* Work order
The data below should be printed in full, exactly, and without any of its images.

** Supplied material follows **

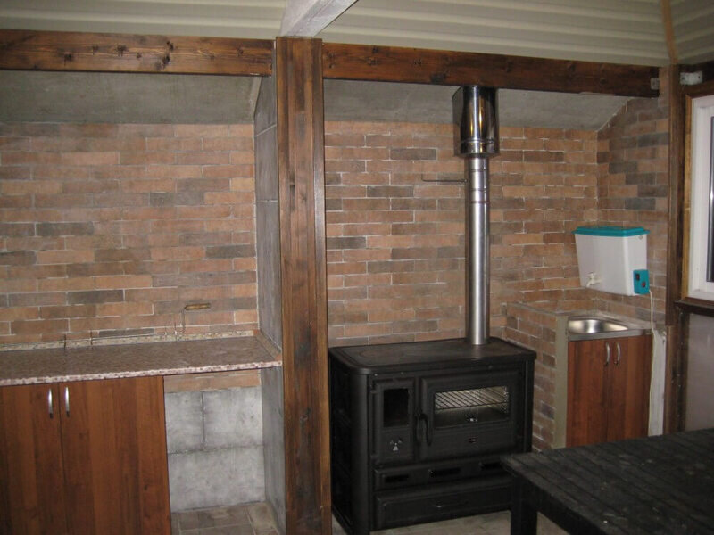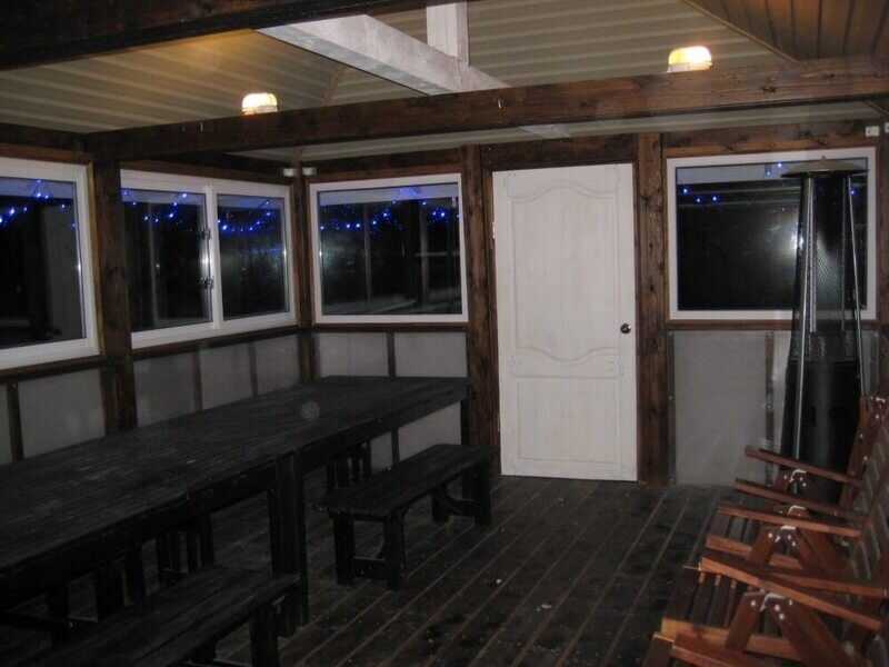 Дополнительно установлен газовый обогреватель. Можно комфортно находиться даже при небольшом минусе. Также рядом большой мангал с вертелом и казаном. Сдается как проживающим в коттеджах, так и отдельным компаниям.
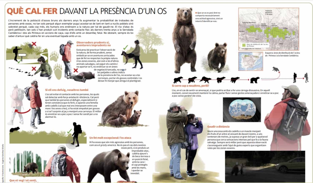 La Fundación Oso Pardo (FOP) ha repartit en centres de visitants del Parc Nacional d’Aigüestortes i Estany de Sant Maurici i al Parc Natural de l’Alt Pirineu, així com en diferents oficines de turisme, 5.000 làmines amb consells per saber com comportar-se a les muntanyes amb presència d’ossos, i millorar així la seguretat dels visitants i la dels ossos.
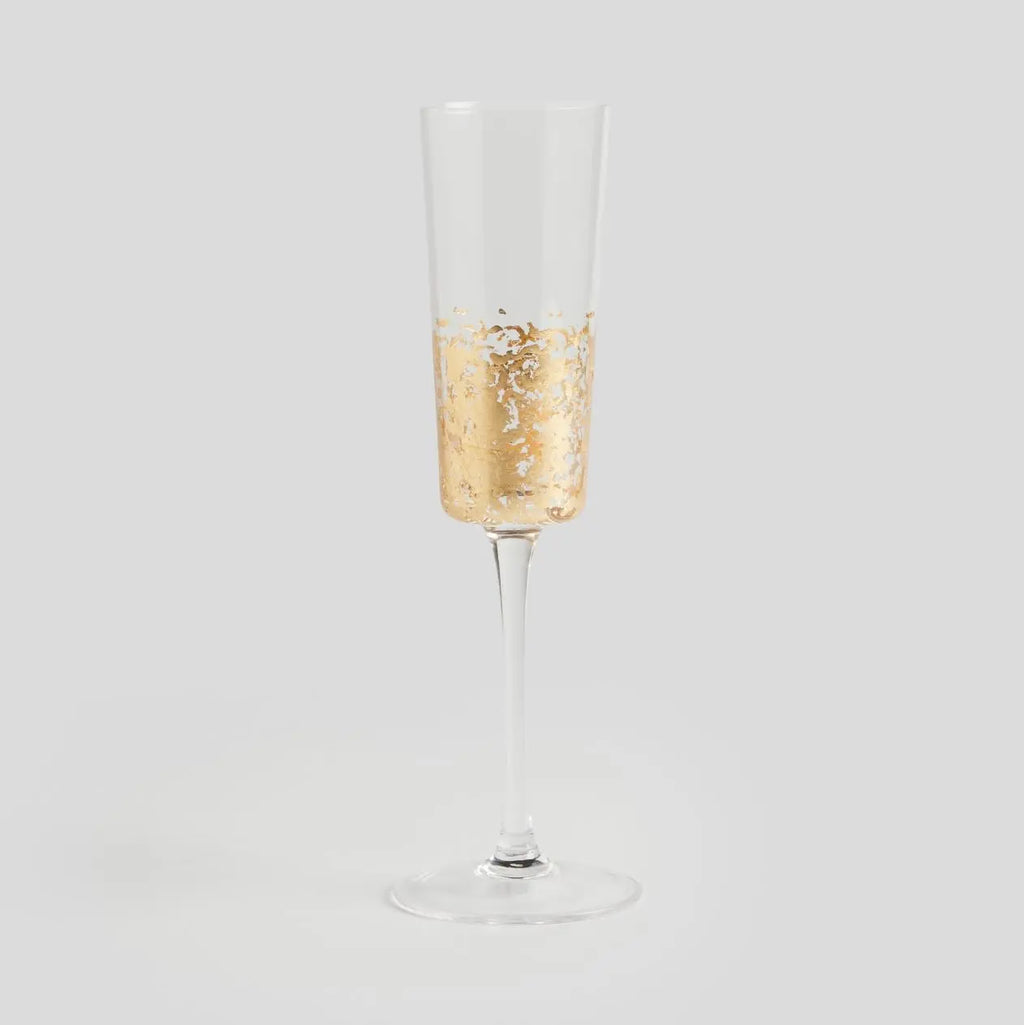 Transparent champagne glass with gold decoration. Made of high-quality material. Ideal for formal dinners and everyday occasions. It will look really beautiful on a set table. It will create a pleasant dining experience.

** End of Supplied material **

* Answer to the exercise
 Дополнительно установлен газовый обогреватель. Можно комфортно находиться даже при небольшом минусе. Также рядом большой мангал с вертелом и казаном. Сдается как проживающим в коттеджах, так и отдельным компаниям.
 La Fundación Oso Pardo (FOP) ha repartit en centres de visitants del Parc Nacional d’Aigüestortes i Estany de Sant Maurici i al Parc Natural de l’Alt Pirineu, així com en diferents oficines de turisme, 5.000 làmines amb consells per saber com comportar-se a les muntanyes amb presència d’ossos, i millorar així la seguretat dels visitants i la dels ossos.
 Transparent champagne glass with gold decoration. Made of high-quality material. Ideal for formal dinners and everyday occasions. It will look really beautiful on a set table. It will create a pleasant dining experience.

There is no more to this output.